I see two possible solutions:
using set
public int unique(int[] a) {
Set<Integer> set = new HashSet<>();
for (int i : a) {
set.add(i);
}
return set.size();
}
using quick sort
public int unique(int[] a) {
Arrays.sort(a);
int cnt = 1;
int example = a[0];
for (int i = 1; i < a.length; i++) {
if (example != a[i]) {
cnt++;
example = a[i];
}
}
return cnt;
}
My performance tests say that second solution is faster ~ 30%.

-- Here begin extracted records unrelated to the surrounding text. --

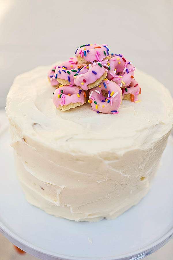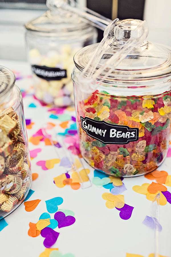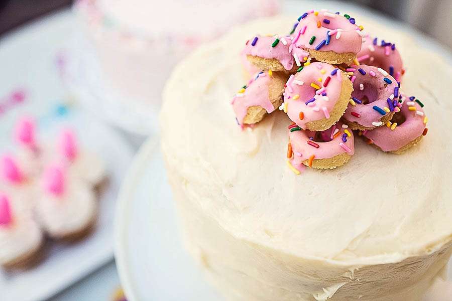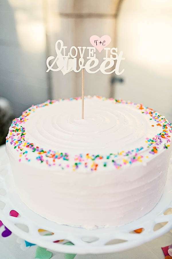 “Pastel candy rainbow is the easiest description for the reception”, explained the bride. “We went for a more nature inspired, minimal, springtime themed look for the actual ceremony. We’re both foodies (Chris being a chef helps) and we love donuts, candy, sprinkles, and lots of colors.”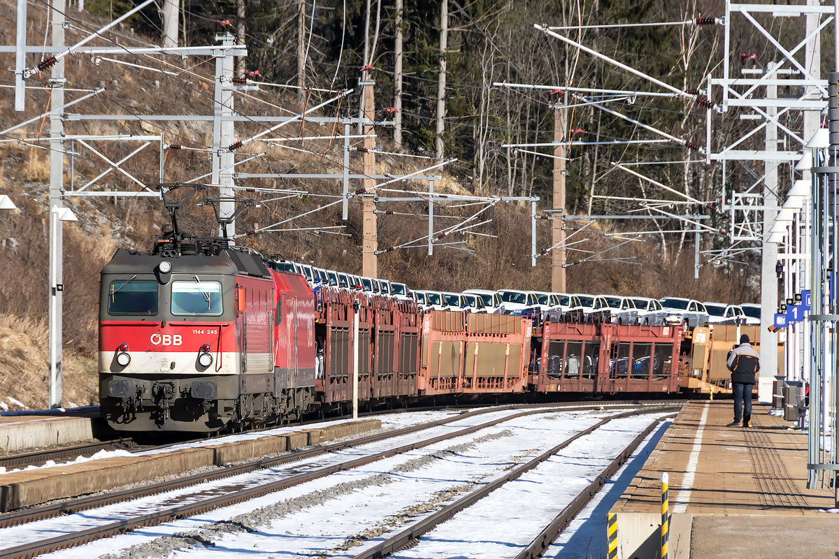 1144 245 und die BR 1116 unterwegs mit Autoganzzug bergwärts in Richtung Semmering. Breitenstein, am 08.02.2020.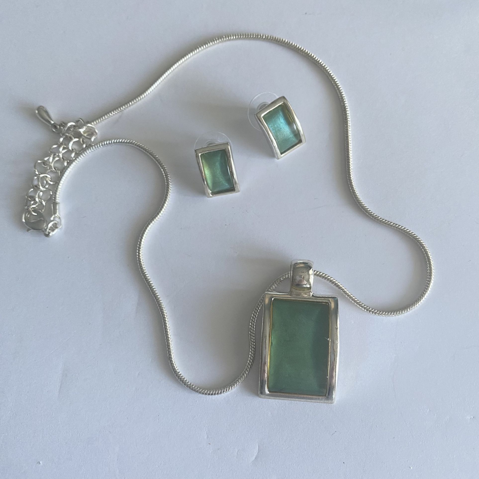 Mod Soft Green Silver Tone Necklace Pierced Earrings Jewelry Set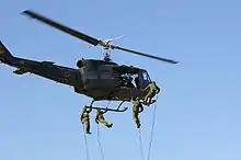 Soldados haciendo rapel desde un UH-1H de la Fuerza Terrestre de Autodefensa de Japón.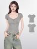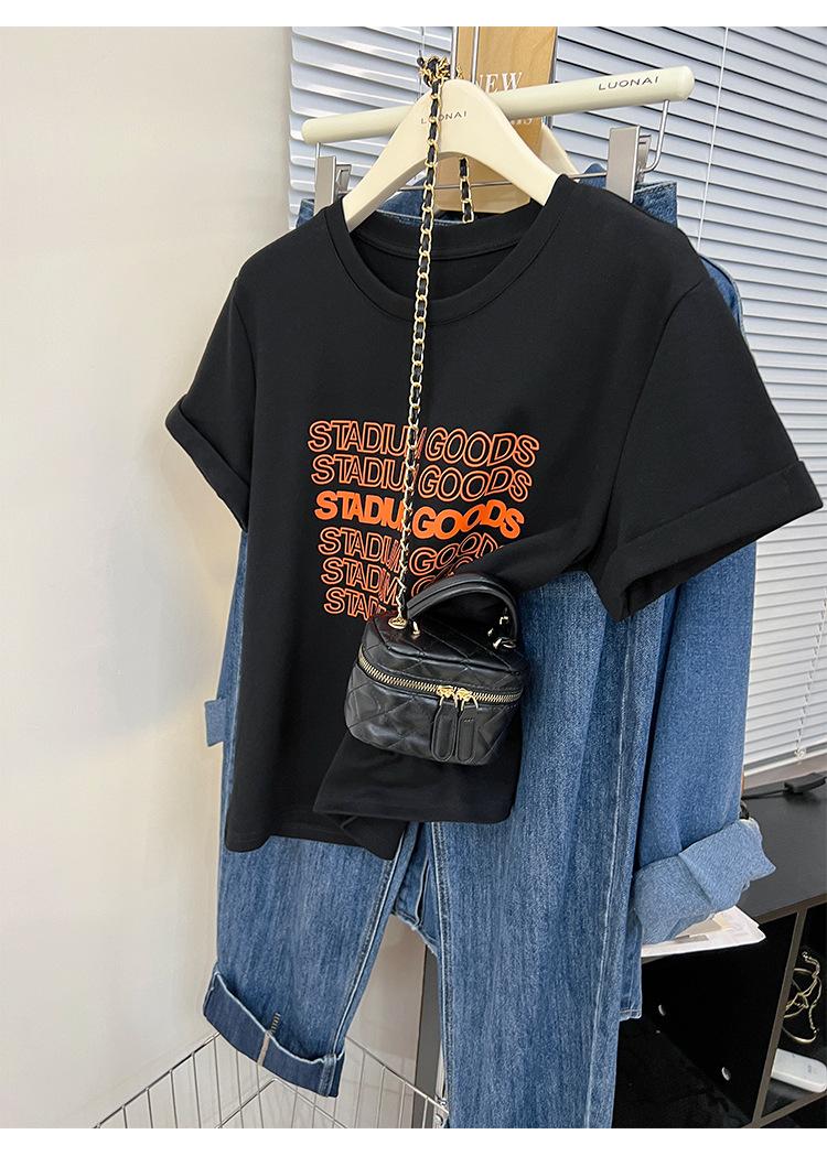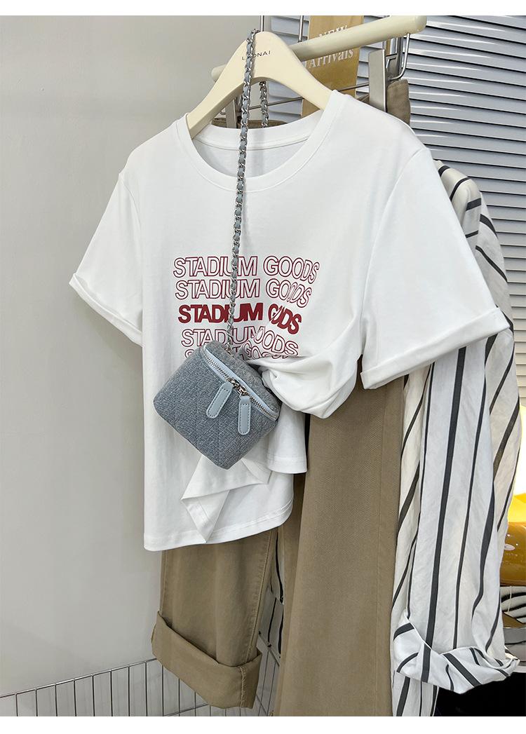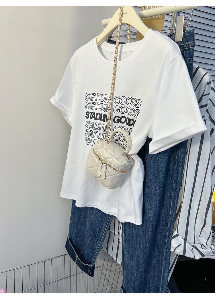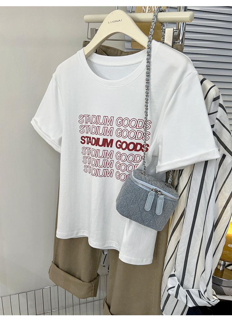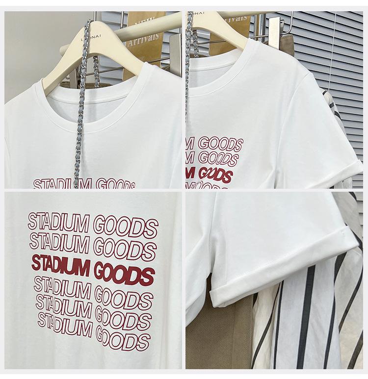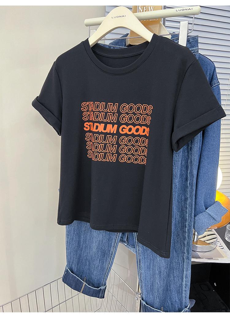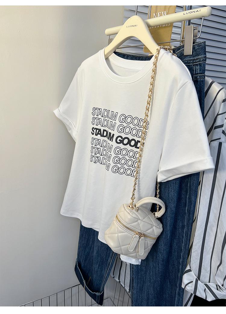 Camiseta de manga corta europea para mujer, diseño de hombros descubiertos, estampado de verano, elegante y holgada.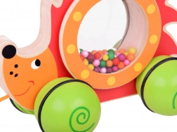 - Jucărie de tras pe roți cu biluțe zornăitoare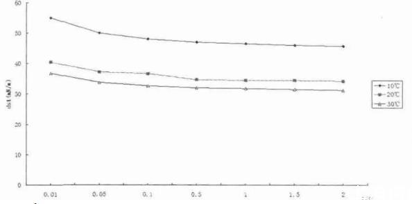 测量不同温度下OP-10在质量分数浓度为0.1%的动态表面张力dst,分析温度对dst的影响。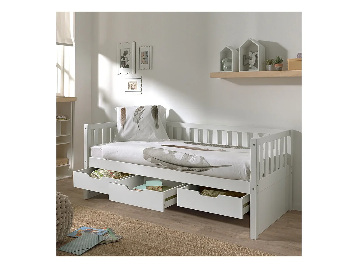 YAX - Lit Banquette 90x200cm à Tiroirs en Pin Laqué Blanc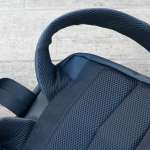 バッグの上部には、しっかりとした太めのハンドルを装備。電車内などでリュックを手持ちにする際に便利です。最近では、満員電車での“前抱えスタイル”よりも、リュックを手持ちする方がスマートという風潮も広がりつつあり、このハンドルがあることで自然にマナーを守れるのも魅力。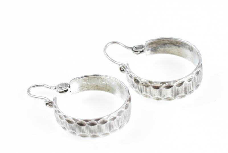 Leírás: Ezüst(Ag) csipkézett szélű karikafülbevaló-pár, jelzés nélkül, d: 1,8 cm, nettó: 4,7 g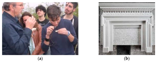 Two moments of the visit to a lapideous valuable georesources (year 2018): (a) palaeontological observations in a ‘Breccia irpina’ quarry in Fontanarosa (Avellino Province); (b) transformation of the quarried stone material into precious artistic artefacts.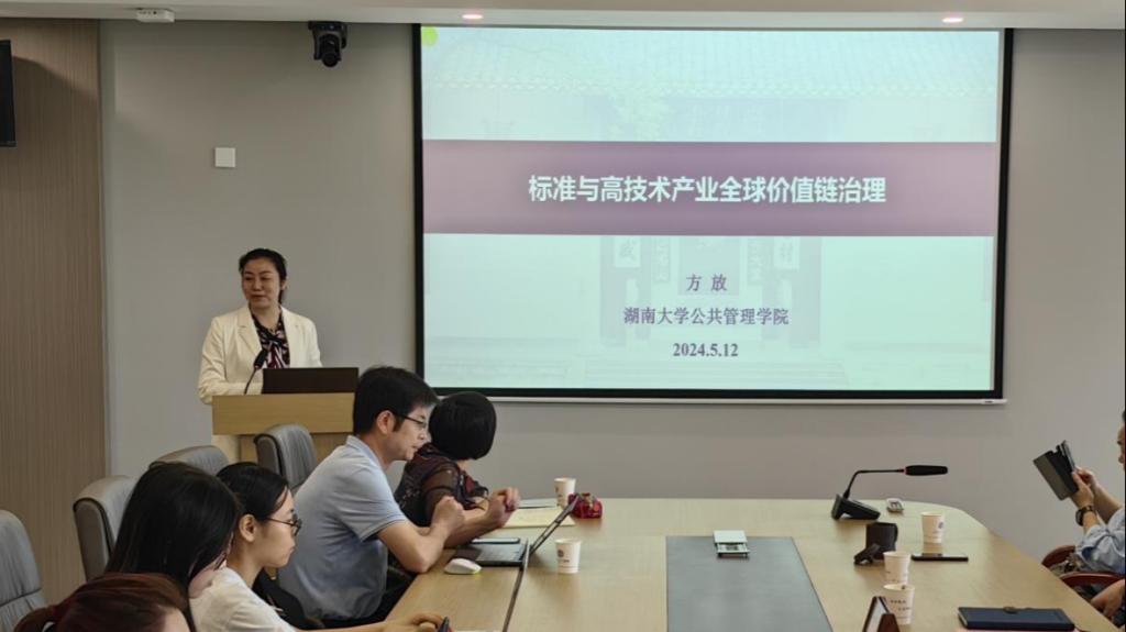 讲座期间,方放教授指出,标准是经济活动和社会发展的技术支撑,是国家基础性制度的重要方面。从公共管理视角来看,标准是一种政策工具,对高技术产业全球价值链发挥治理作用。接着,方教授比较分析了标准的与政策工具的界定,并结合公共管理和创新管理的理论与方法,将标准作为规制型政策工具,考察国家和行业技术标准对我国高技术产业全球价值链地位的影响研究,识别标淮作为政策工具的效能。她指出,政府重视技术标准对技术创新水平的激励作用,制定更为合理的技术标准体系,有助于最大化激发企业创新活力与生产的积极性。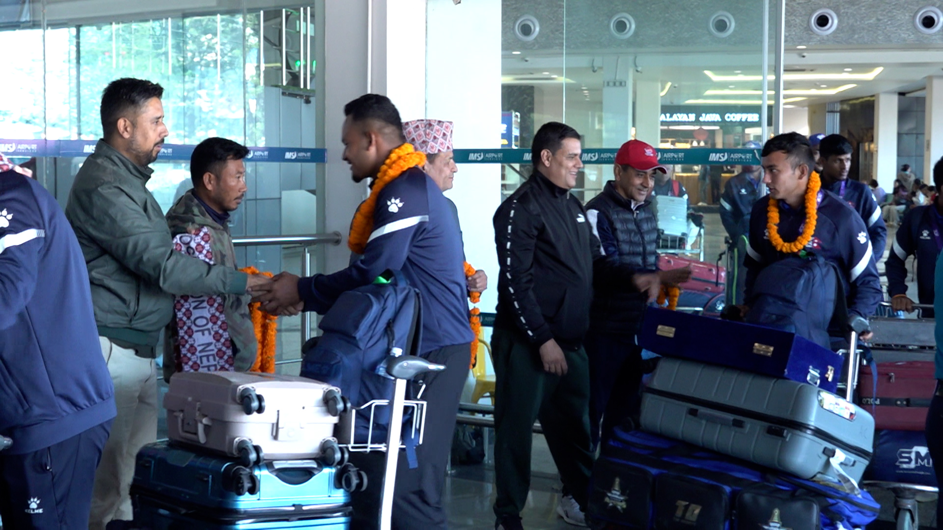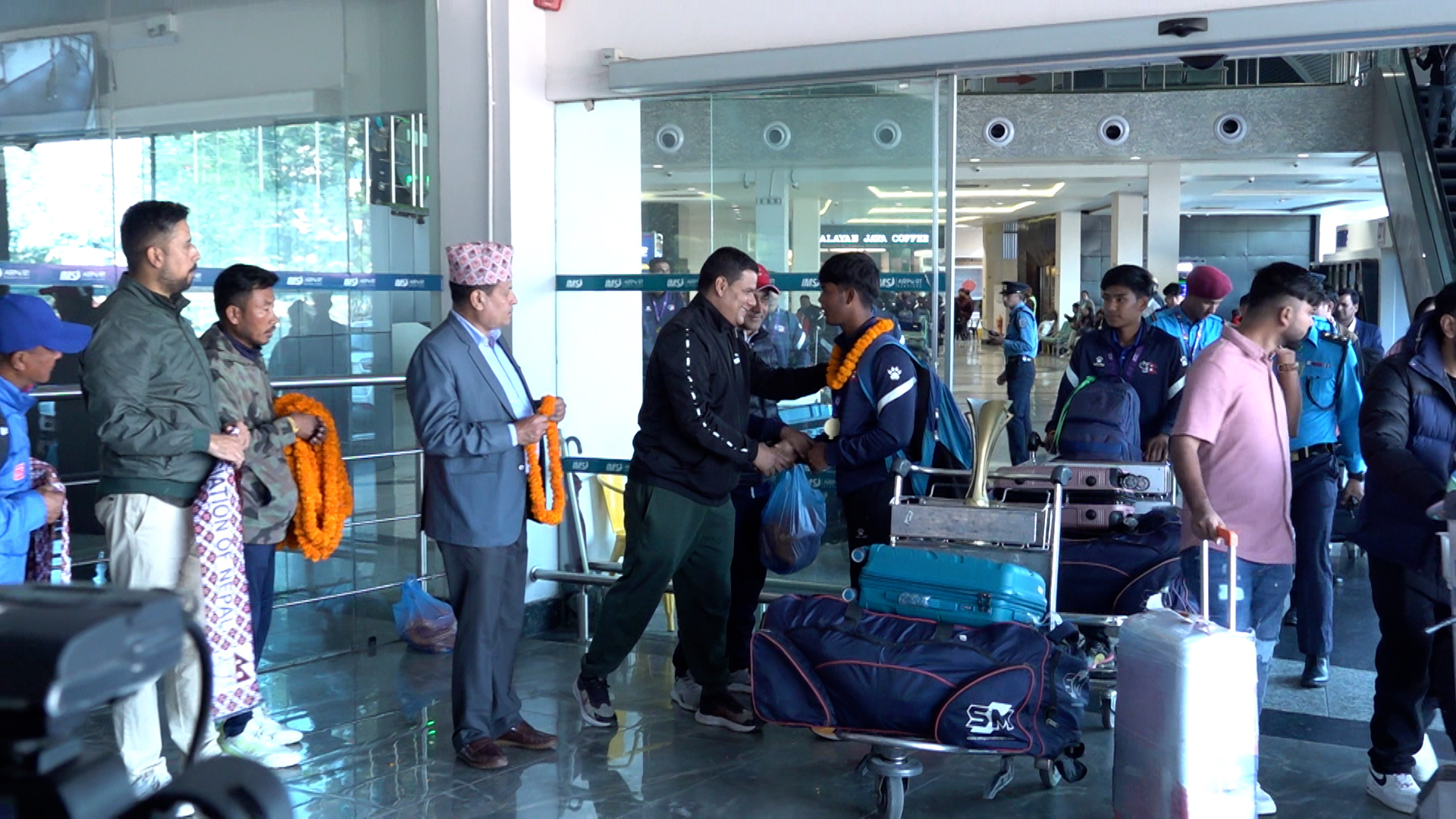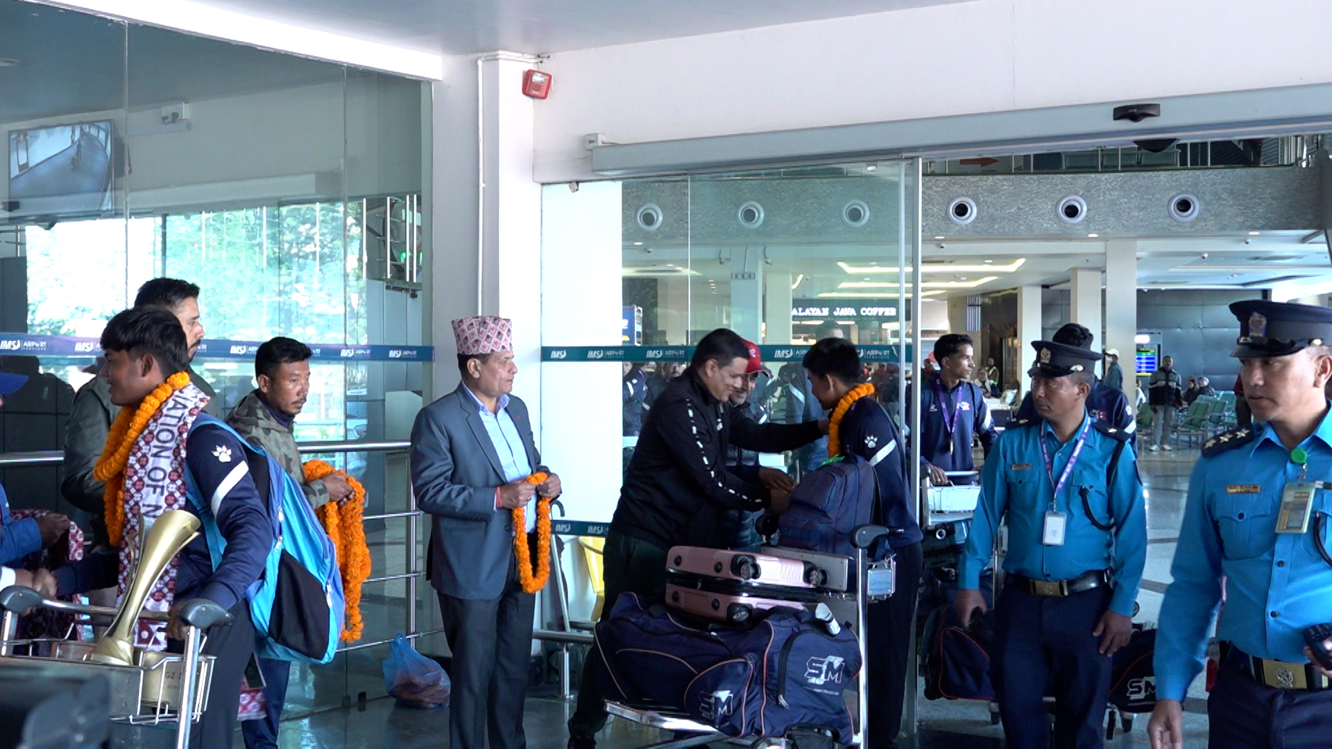 नेपाली टोलीलाई त्रिभुवन विमानस्थलमा भव्य स्वागत गरिएको छ । उनीहरुलाई विमानस्थलमा क्यानका पदाधिकारीहरुले फुलमाला खादाले स्वागत गरेका थिए ।

if restricted to only arrays, consider trying this:
Lets Take a temporary array of the same size of orignal array, where we store each unique letter and suppose a is your orignal array,
int[] tempArray= new int[a.length];
int tempArraycounter = 0;
bool isUnique = true;
for (int i = 0; i < a.length; i++)
{
isUnique = true;
for (int j = 0; j < tempArray.length; j++)
{
if(tempArray[j] == a[i])
isUnique = false;
}
if(isUnique)
{
tempArray[tempArraycounter] = a[i];
tempArraycounter++;
isUnique = false;
}
}
now tempArraycounter will be your answer ;)
Try Following code:
int test[]={1,1,4,4,4,1,1};
Set<Integer> set=new LinkedHashSet<Integer>();
for(int i=0;i<test.length;i++){
set.add(test[i]);
}
System.out.println(set);
Output :
[1, 4]
At the end set would contain unique integers.